A United Nations survey released today shows Afghanistan moving towards record levels of opium cultivation - twelve years after the fall of the Taliban.

The report, which was produced by the UN Office on Drugs and Crime, says cultivation is also dramatically increasing in areas of the southern Taliban heartland, especially in regions where thousands of US-led coalition troops have been withdrawn or are in the process of departing.

Last year opium cultivation stood at 154,000 hectares - an increase from 131,000 in 2011. The report claims increased production is being driven by unusually high opium prices.

Opium cultivation is mainly concentrated in four southern and southwestern provinces: Helmand, Kandahar, Farah and Uruzgan.

The new report claims that poppy cultivation is, however, spreading into areas where it has not been seen before.

The increase in cultivation comes as the US and allied forces in Afghanistan are preparing for a withdrawal of combat forces by 2014.

The report indicates that three times as much opium was produced in Helmand last year as when British troops went there in 2006 and experts are expecting this year's crop to be even larger.
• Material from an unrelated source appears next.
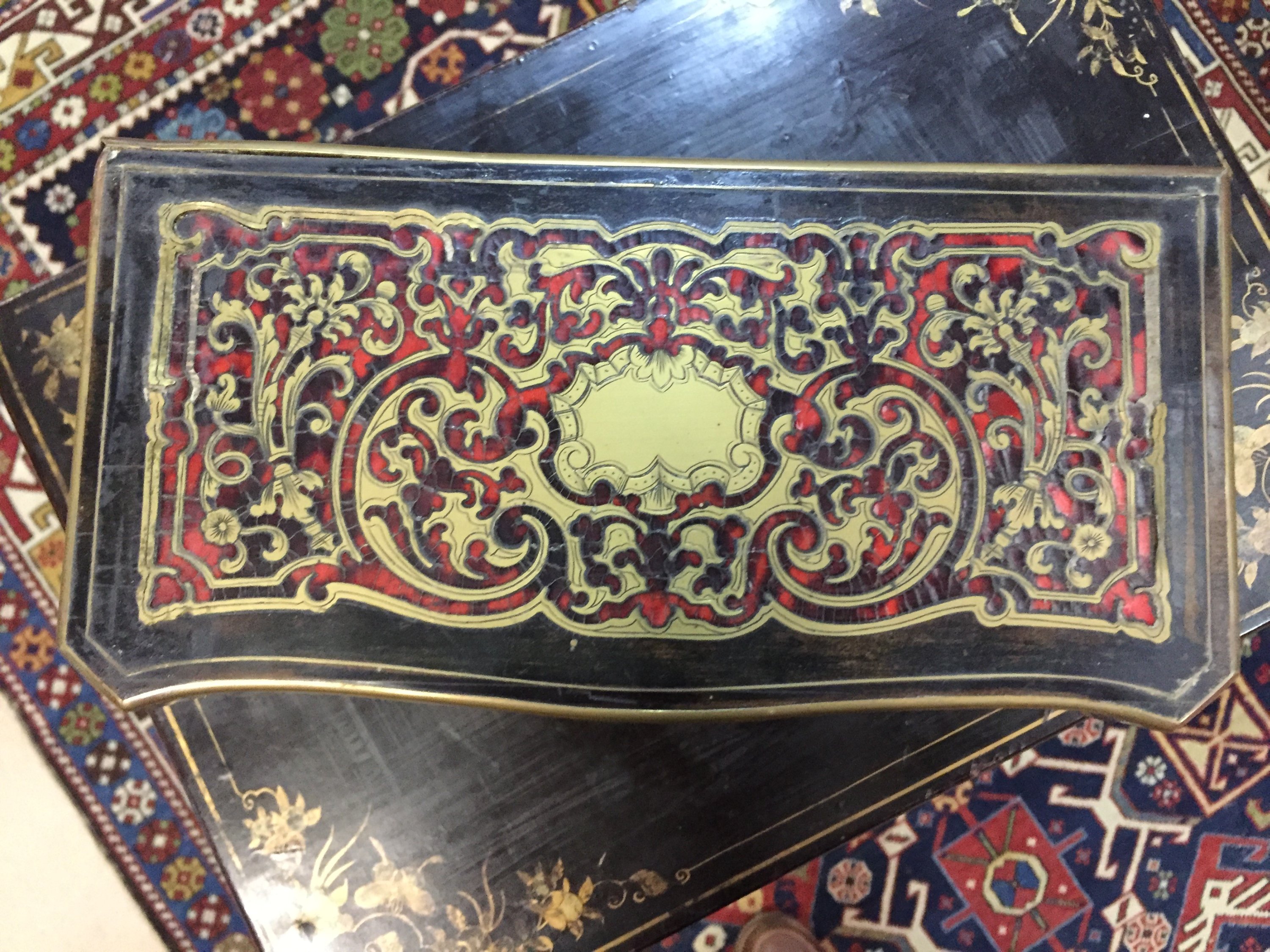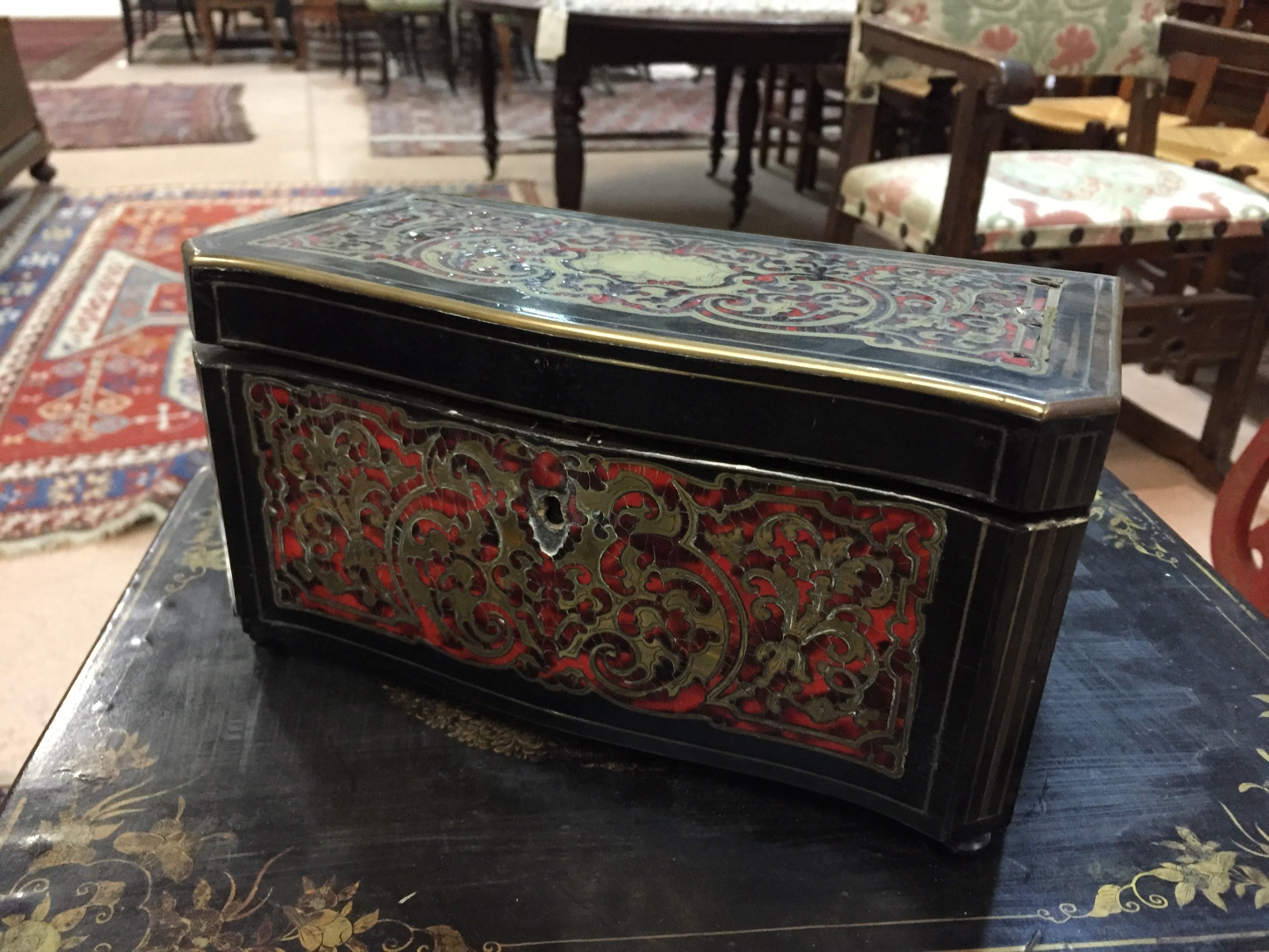 JOINT : coffret à thé en marqueterie de Boulle, fond écaille rouge. Style Louis XIV, XIXe. Haut. 11, Long. 23, Prof. 11 cm.
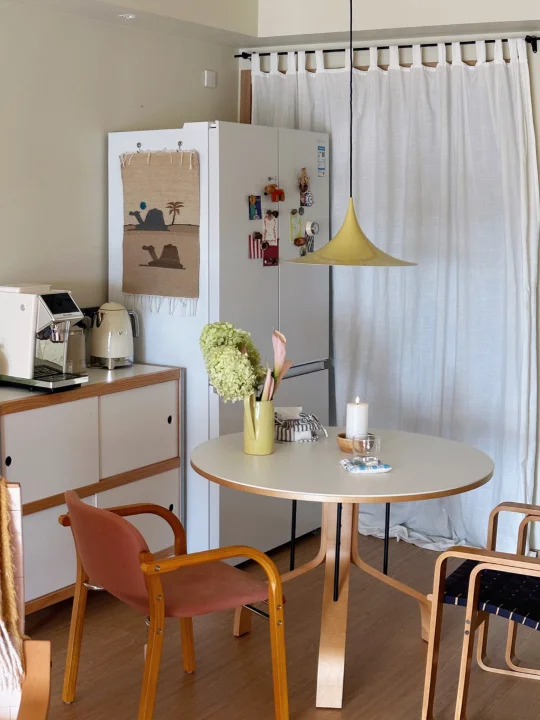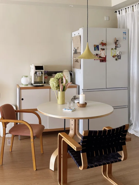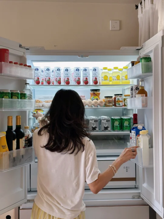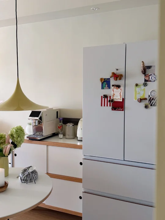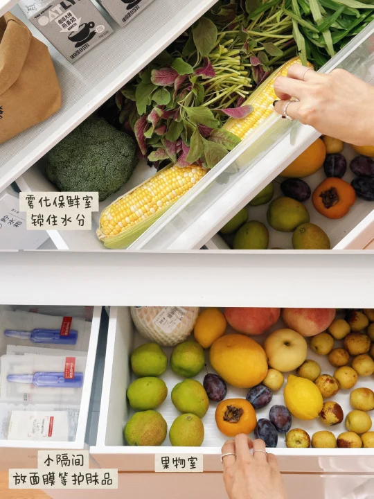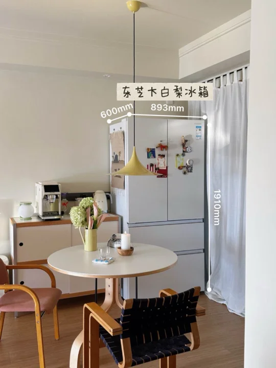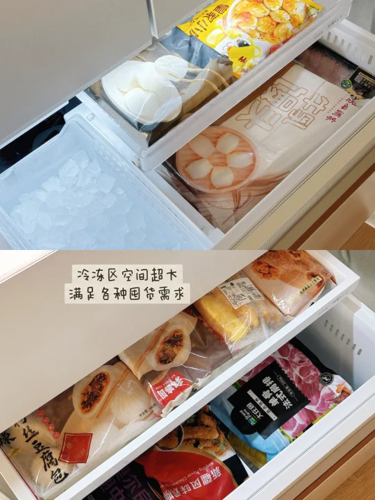 装修时特意没有做满墙的定制柜 所有家具都可灵活移动重组 每个物品都要经过颜值和收纳的双重考验 / 我家冰箱最终选定的东芝大白梨冰箱 贝母白面板简约美观,和我家风格很搭 还能磁吸冰箱贴增加趣味 别看占地不大,内部足足有600L大容量 做自由职业后平时很少出门 一出去就会大采购,把冰箱塞满 够我们吃上一周了 雾化果蔬保鲜区可以更长久的保持果蔬营养鲜活 冷冻区有-30℃深冻锁鲜 适合囤海鲜和牛排,急速冷冻不影响口感 双系统双循环 冷冻冷藏独立制冷 水果蔬菜和海鲜肉类再也不怕串味问题🍓🥩 夏日最离不开的是它的制冰功能 60分钟急速洁净出冰❄️独立储冰盒还带杀菌 随时都能喝到冰爽冷饮,猫咪都凑过来蹭凉气~ 现在冰箱里总是满满当当 两人三餐俩猫 四季鲜食不断 选对冰箱真的能提升幸福感✨

In 2001 the then Prime Minister, Tony Blair, cited the production of illegal heroin as one of the reasons for war in Afghanistan, stating that the drugs trade was a part of the Taliban regime that "we should seek to destroy".

Britain sent counter-narcotics teams to Helmand Province in 2006 as it is the largest area of poppy cultivation.

Afghanistan is the world's largest producer of opium, the raw ingredient in heroin, and last year provided about 75 per cent of the global crop — a figure that may spike to 90 per cent this year due to increased cultivation.